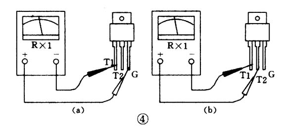 (2)把黑表筆接T1極,紅表筆接T2極,電阻為無窮大。接著用紅表筆尖把T2與G短路,給G極加上負觸發信號,電阻值應為十歐左右(參見圖4(a)),證明管子已經導通,導通方向為T1一T2。再將紅表筆尖與G極脫開(但仍接T2),若電阻值保持不變,證明管子在觸發之後能維持導通狀態(見圖4(b))。
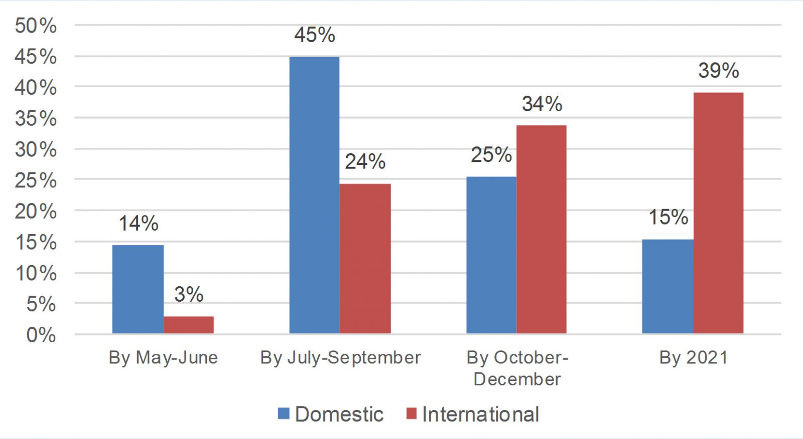 Большинство стран ожидает увидеть признаки восстановления спроса к зарубежным поездкам в последнем квартале 2020 года, но в основном надежды возлагаются на 2021 год.
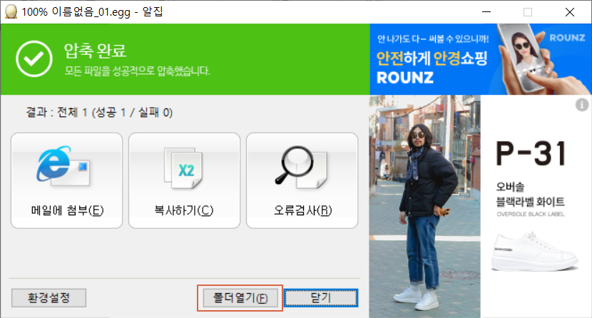 EGG 압축이 완료 되었습니다. <폴더열기>를 선택합니다.
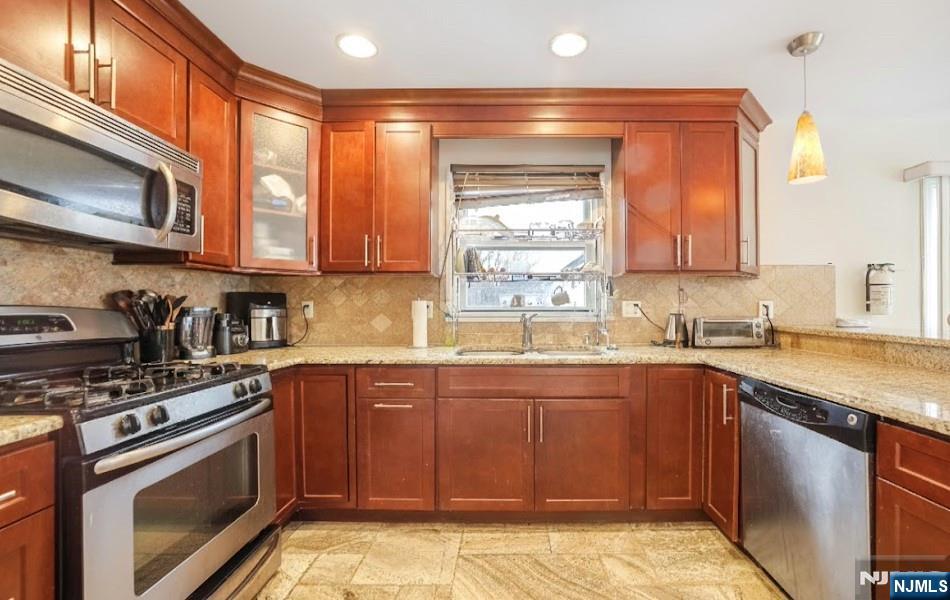 Well-maintained and spacious townhouse rental featuring 3 bedrooms and 3.5 bathrooms, located in the highly desirable town of Tenafly, known for its Blue Ribbon schools and convenient access to NYC. The main level offers an open-concept living and dining area, along with an eat-in kitchen complete with a breakfast bar, granite countertops, stainless steel appliances, and sliding doors that lead to a private deck and backyard. The top level includes three generously sized bedrooms and two full bathrooms. The lower-level den offers an additional full bathroom, a dedicated laundry room, and direct access to the two-car garage. Additional highlights include hardwood floors throughout, recessed lighting, abundant closet space, and extra driveway parking. Tenant is responsible for all utilities and snow removal. Landscaping is maintained by the landlord. Credit check, proof of income, and ID are required. A small pet may be considered.

■ WHAT THE TASK REQUIRES: Retype the data in full. Images do not go in the copy.

■ EXERCISE SOLUTION:
 (2)把黑表筆接T1極,紅表筆接T2極,電阻為無窮大。接著用紅表筆尖把T2與G短路,給G極加上負觸發信號,電阻值應為十歐左右(參見圖4(a)),證明管子已經導通,導通方向為T1一T2。再將紅表筆尖與G極脫開(但仍接T2),若電阻值保持不變,證明管子在觸發之後能維持導通狀態(見圖4(b))。
 Большинство стран ожидает увидеть признаки восстановления спроса к зарубежным поездкам в последнем квартале 2020 года, но в основном надежды возлагаются на 2021 год.
 EGG 압축이 완료 되었습니다. <폴더열기>를 선택합니다.
 Well-maintained and spacious townhouse rental featuring 3 bedrooms and 3.5 bathrooms, located in the highly desirable town of Tenafly, known for its Blue Ribbon schools and convenient access to NYC. The main level offers an open-concept living and dining area, along with an eat-in kitchen complete with a breakfast bar, granite countertops, stainless steel appliances, and sliding doors that lead to a private deck and backyard. The top level includes three generously sized bedrooms and two full bathrooms. The lower-level den offers an additional full bathroom, a dedicated laundry room, and direct access to the two-car garage. Additional highlights include hardwood floors throughout, recessed lighting, abundant closet space, and extra driveway parking. Tenant is responsible for all utilities and snow removal. Landscaping is maintained by the landlord. Credit check, proof of income, and ID are required. A small pet may be considered.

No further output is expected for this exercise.